= Florentius de Faxolis =

Italian priest and music theorist

Florentius de Faxolis, in Italian Fiorenzo de' Fasoli (c. 1461 – 18 March 1496), was an Italian priest and music theorist.

Florentius entered the pay of Cardinal Ascanio Sforza in 1481–1482, while the cardinal was living in Rome and Naples. His rise after this was rapid. In 1482, he obtained a canonry in the collegiate church of San Fiorenzo in Fiorenzuola d'Arda. In 1483, he was appointed chaplain of Santa Maria della Stella in Milan. In 1484, he received a papal dispensation allowing him to become a priest before the canonical age.

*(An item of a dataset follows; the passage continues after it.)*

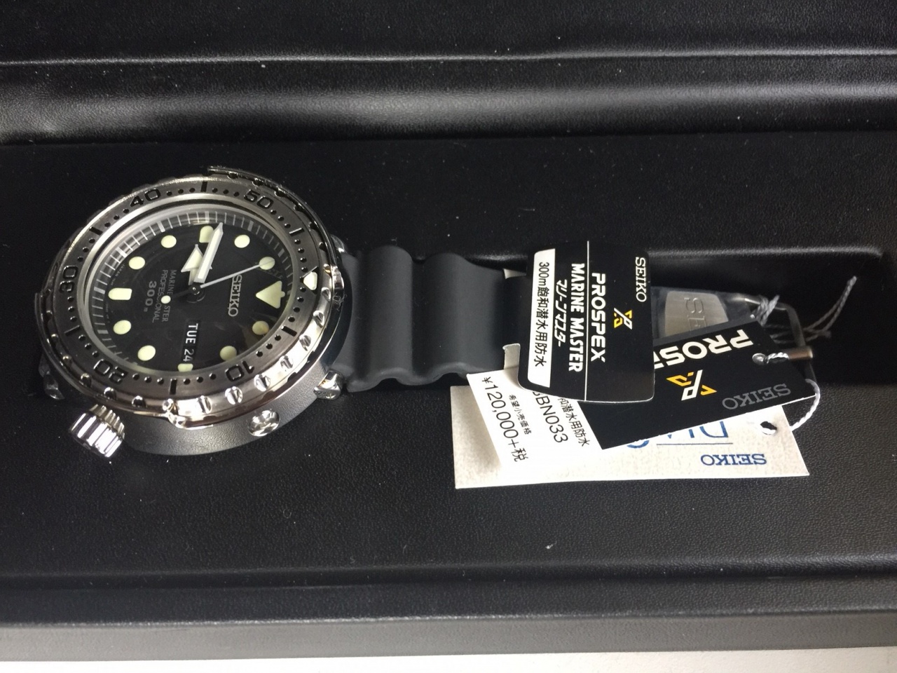 Seiko Prospex Marine Master SBBN033 - мужские кварцевые часы. Корпус этих часов крупного размера (47 мм.) и выполнен из нержавеющей стали. Модель Prospex Marine Master SBBN033 имеет стекло хардлекс, полимерный ремешок чёрного цвета, чёрный циферблат. Водоустойчивость: 300 метров. Дополнительные функции и особенности: дата, день недели, магнитостойкость. Полная заводская комплектация Seiko. Торга нет. Отправка за счёт покупателя.

At the cardinal's behest, Florentius wrote a treatise in Latin on music theory, the Liber musices (Book of Music), between 1485 and 1492. It is preserved in a single manuscript—now in Milan, Biblioteca Trivulziana, 2146—illuminated by Attavante degli Attavanti or his atelier. It contains 95 folios and is divided into three books. The only contemporary theorist cited by Florentius is Blasius Romero. The work closes with a poem by Francesco Tranchedino.

==Editions==
- Book on Music, ed. Bonnie J. Blackburn and Leofranc Holford-Strevens (Harvard University Press, 2010).
- Un manuale di musica per Ascanio Sforza: il Liber Musices di Florentius (Ms. 2146 della Biblioteca Trivulziana di Milano), ed. Francesco Rocco Rossi (PhD diss., University of Pavia, 2007), vols. 1 and 2.